В ситуации гнетущего одиночества, когда от дизельного генератора зависит не только работа, но и жизнь, смотрители начали относиться к нему как к живому существу, зачастую заводя с ним беседы на разнообразные темы. Надо отметить, что дизельный генератор был очень внимательным слушателем и никогда не перебивал. Этого у него было не отнять. Но поддерживать беседу он явно был не мастак.
Самостоятельно покинуть эти места было достаточно проблематично. Да и сюда, в общем-то, мало кто стремился. Лишь снаряды-капсулы, выпущенные из большой пушки, прилетали точно по расписанию. Они доставляли запрошенные с Большой Земли посылки со всем необходимым, а иногда — подарки или письма по случаю. Но это бывало достаточно редко.
Со связью дела обстояли не очень хорошо. Она была, но работала с перебоями. Постоянно стрелять из пушки было накладно, поэтому время от времени приходили голубеграммы, из-за чего на маяке имелся колумбарий.
Между маяком и Большой Землёй была натянута бельевая верёвка: развешанное на ней бельё то и дело приходилось стирать из-за пылевых бурь. Но иногда по ней доставлялись записки, подарки — или забредали канатоходцы.

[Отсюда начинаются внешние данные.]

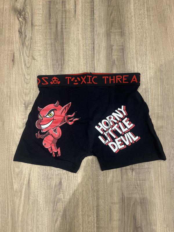 Стильні чоловічі труси-боксери чорного кольору з яскравим дизайном. Особливості: • Бренд: TOXIC THREAT • Контрастний червоний пояс з логотипом • Оригінальний принт: червоний чортик та напис "HORNY LITTLE DEVIL" • Класичний крій боксерів • Комфортна посадка Розміри: • Розмір: M • Довжина: 29 см • Обхват поясу: 34 см • Обхват стегон: 46 см Матеріал забезпечує комфорт протягом дня. Ідеально підходять для повсякденного носіння або як оригінальний подарунок.

Смотрители сильно отличались.
Северини в прошлом был морским офицером, в то время как Мориано был блондином. Северини был высокого роста, а Мориано увлекался нумизматикой. Северини разговаривал раскатистым басом, а Мориано немного прихрамывал. Северини давно уже не курил, но любил по старой памяти закусить трубку, а в роду у Мориано было немного восточной крови. Северини любил классическую музыку, а Мориано являлся сторонником социал-демократии. Но, несмотря на всё это, Северини был предан памяти жены, а Мориано в свободное время разводил виноградных улиток: естественно, не прямо на маяке, потому что на маяке он разводил ручных микробов в пробирках у микроскопа, и даже пытался их дрессировать, хотя и без особого успеха.
И вот однажды они готовились заступить на очередную вахту.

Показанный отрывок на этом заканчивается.